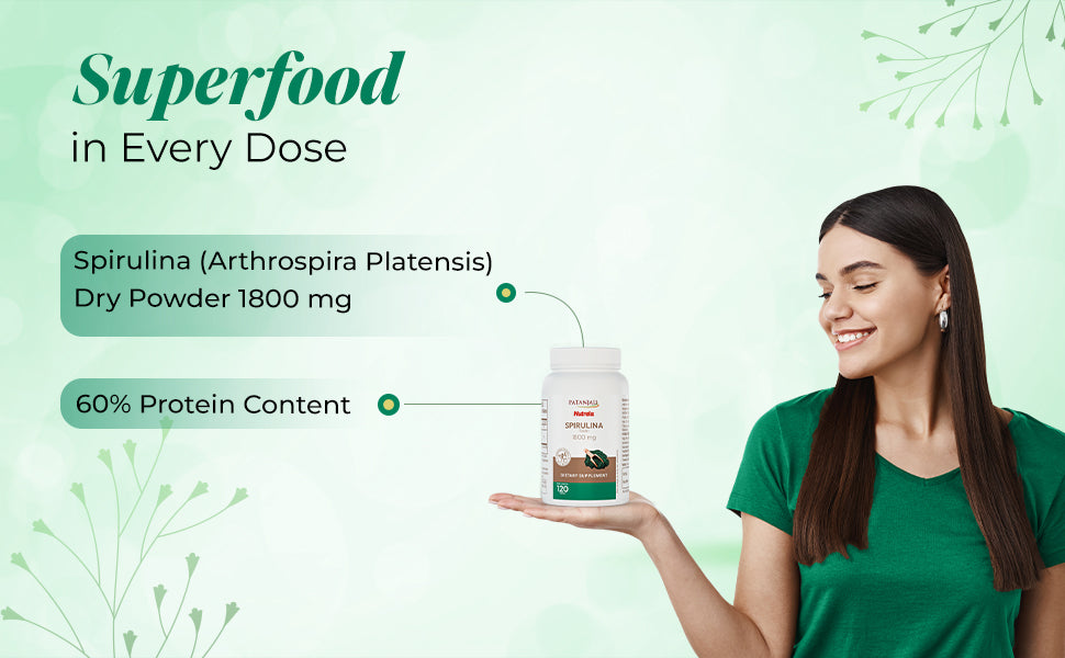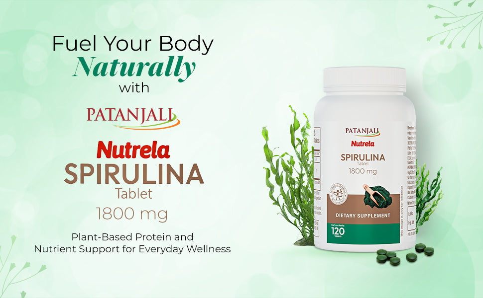 Patanjali Nutrela Spirulina 1800 mg | Natural Superfood Supplement for Energy, Immunity & Overall Wellbeing | 120 Tablets | Vegetarian | Unflavoured | For Adults
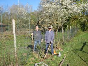 Der Bachlauf im Bereich der Holzbrücke wurde gereinigt, vor dem Homberg wurde eine Wegemarkierung des rhein-hessischen Jakobspilgerweges gerichtet und auf der kleinen Streuobstwiese neben dem Beachvolleyplatz mussten der Zaun ausgebessert und Obstbäume geschnitten werden.
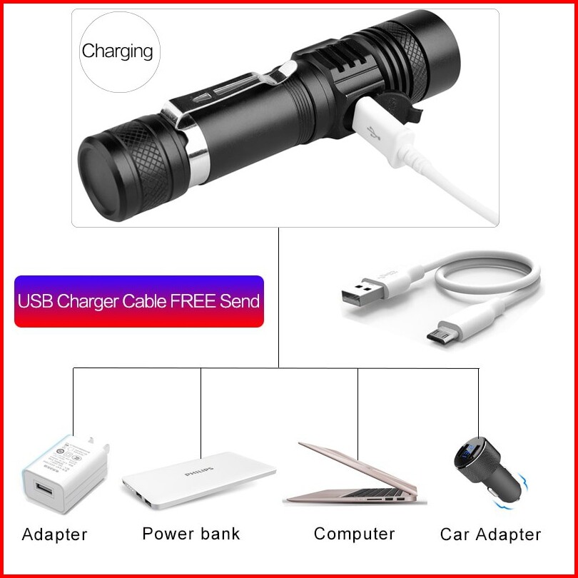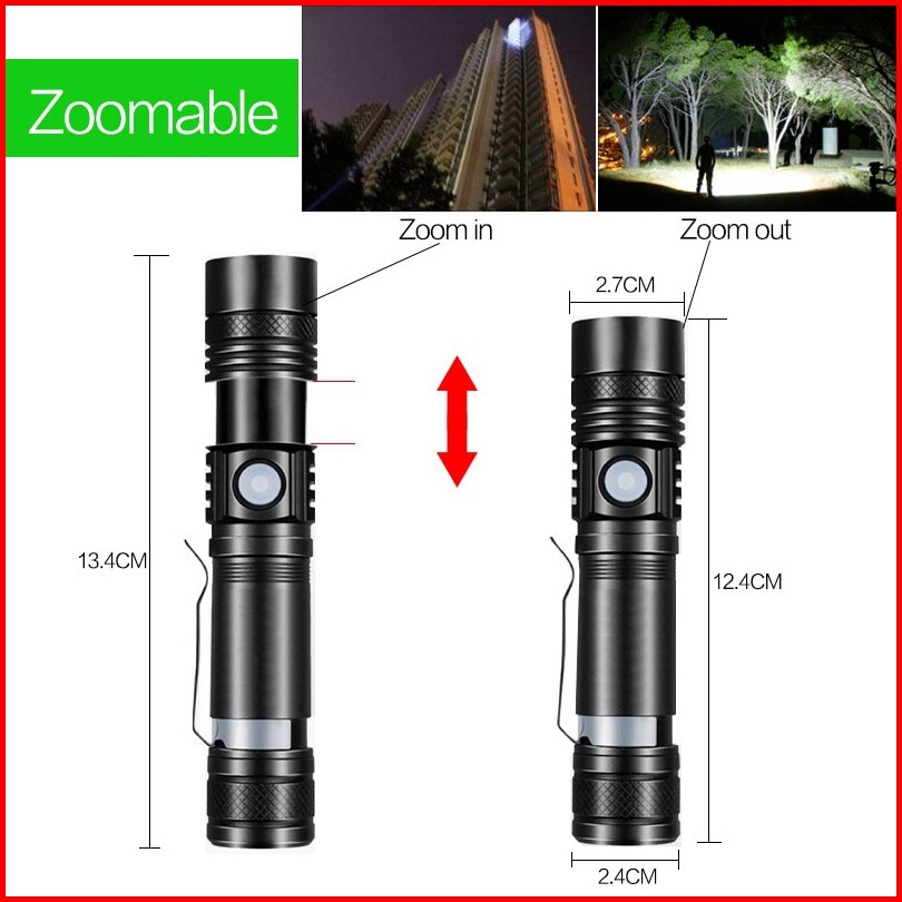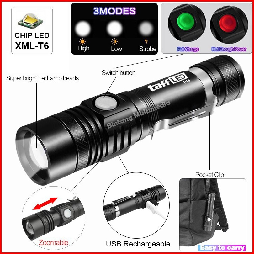 Taffled Senter Led Cas Usb Rechargeable Xml T6 P15 Zoom Terang Jarak Jauh Pocketman Waterproof
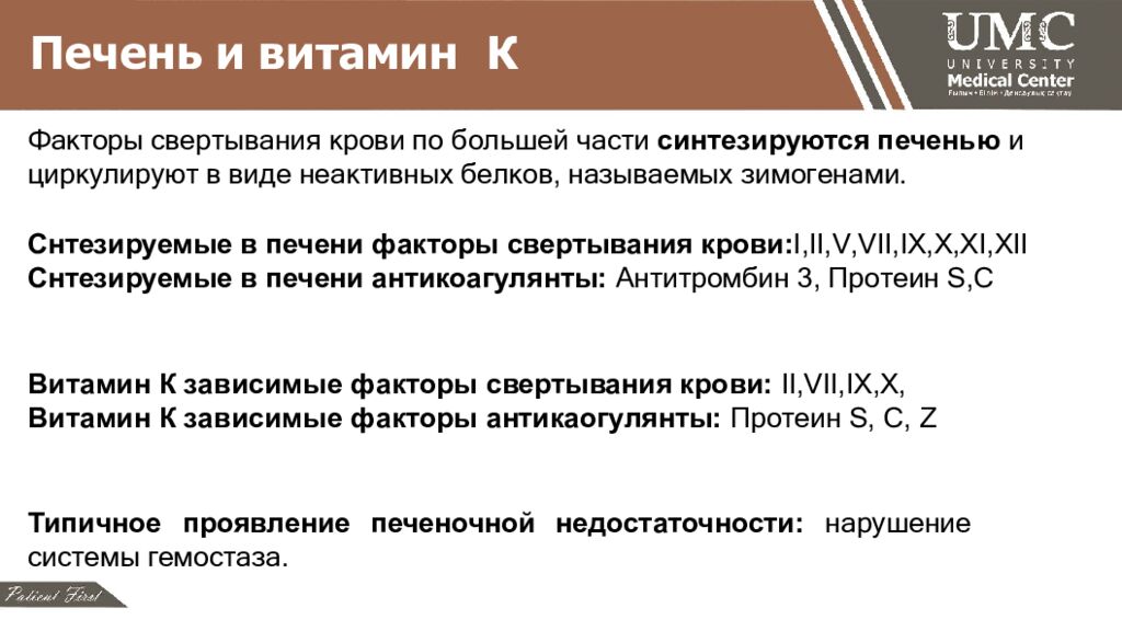 Факторы свертывания крови по большей части синтезируются печенью и циркулируют в виде неактивных белков, называемых зимогенами. Снтезируемые в печени факторы свертывания крови: I,II,V,VII,IX,X,XI,XII Снтезируемые в печени антикоагулянты: Антитромбин 3, Протеин S,C Витамин К зависимые факторы свертывания крови: II,VII,IX,X, Витамин К зависимые факторы антикаогулянты: Протеин S, C, Z Типичное проявление печеночной недостаточности: нарушение системы гемостаза.
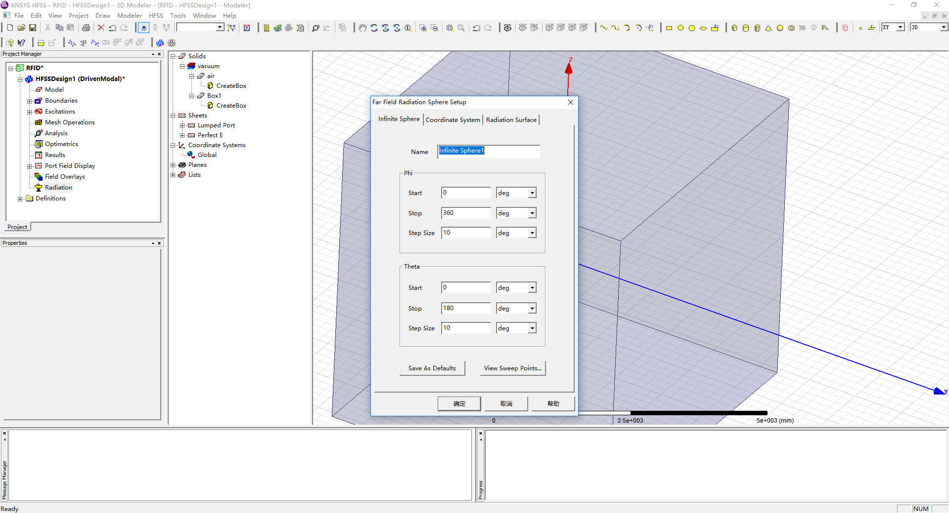 要查看天线方向图的结果,需要设置辐射表面,如下图所示。
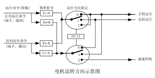 在有的驅(qū)動系統(tǒng)中,只允許系統(tǒng)正轉(zhuǎn)運轉(zhuǎn)而不允許反轉(zhuǎn)運轉(zhuǎn),則需求將F0-13=2,此時若呈現(xiàn)反轉(zhuǎn)指令,則VFD將減速至0并進(jìn)入停機(jī)狀態(tài),同時操作面上FWD/REV不斷閃爍。
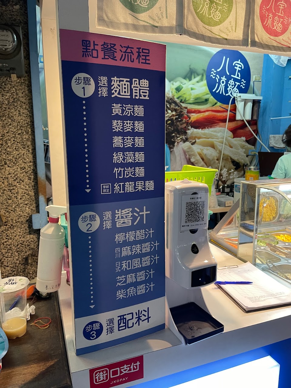 買了三種麵體(藜麥、蕎麥、紅龍果),選了三種醬汁(和風、麻辣、檸檬醋),各選了8種配菜~怎麼配都讚不絕口?

Brief.
Take the listing above and restate it word for word, without its pictures.

Response to the task.
 Patanjali Nutrela Spirulina 1800 mg | Natural Superfood Supplement for Energy, Immunity & Overall Wellbeing | 120 Tablets | Vegetarian | Unflavoured | For Adults
 Der Bachlauf im Bereich der Holzbrücke wurde gereinigt, vor dem Homberg wurde eine Wegemarkierung des rhein-hessischen Jakobspilgerweges gerichtet und auf der kleinen Streuobstwiese neben dem Beachvolleyplatz mussten der Zaun ausgebessert und Obstbäume geschnitten werden.
 Taffled Senter Led Cas Usb Rechargeable Xml T6 P15 Zoom Terang Jarak Jauh Pocketman Waterproof
 Факторы свертывания крови по большей части синтезируются печенью и циркулируют в виде неактивных белков, называемых зимогенами. Снтезируемые в печени факторы свертывания крови: I,II,V,VII,IX,X,XI,XII Снтезируемые в печени антикоагулянты: Антитромбин 3, Протеин S,C Витамин К зависимые факторы свертывания крови: II,VII,IX,X, Витамин К зависимые факторы антикаогулянты: Протеин S, C, Z Типичное проявление печеночной недостаточности: нарушение системы гемостаза.
 要查看天线方向图的结果,需要设置辐射表面,如下图所示。
 在有的驅(qū)動系統(tǒng)中,只允許系統(tǒng)正轉(zhuǎn)運轉(zhuǎn)而不允許反轉(zhuǎn)運轉(zhuǎn),則需求將F0-13=2,此時若呈現(xiàn)反轉(zhuǎn)指令,則VFD將減速至0并進(jìn)入停機(jī)狀態(tài),同時操作面上FWD/REV不斷閃爍。
 買了三種麵體(藜麥、蕎麥、紅龍果),選了三種醬汁(和風、麻辣、檸檬醋),各選了8種配菜~怎麼配都讚不絕口?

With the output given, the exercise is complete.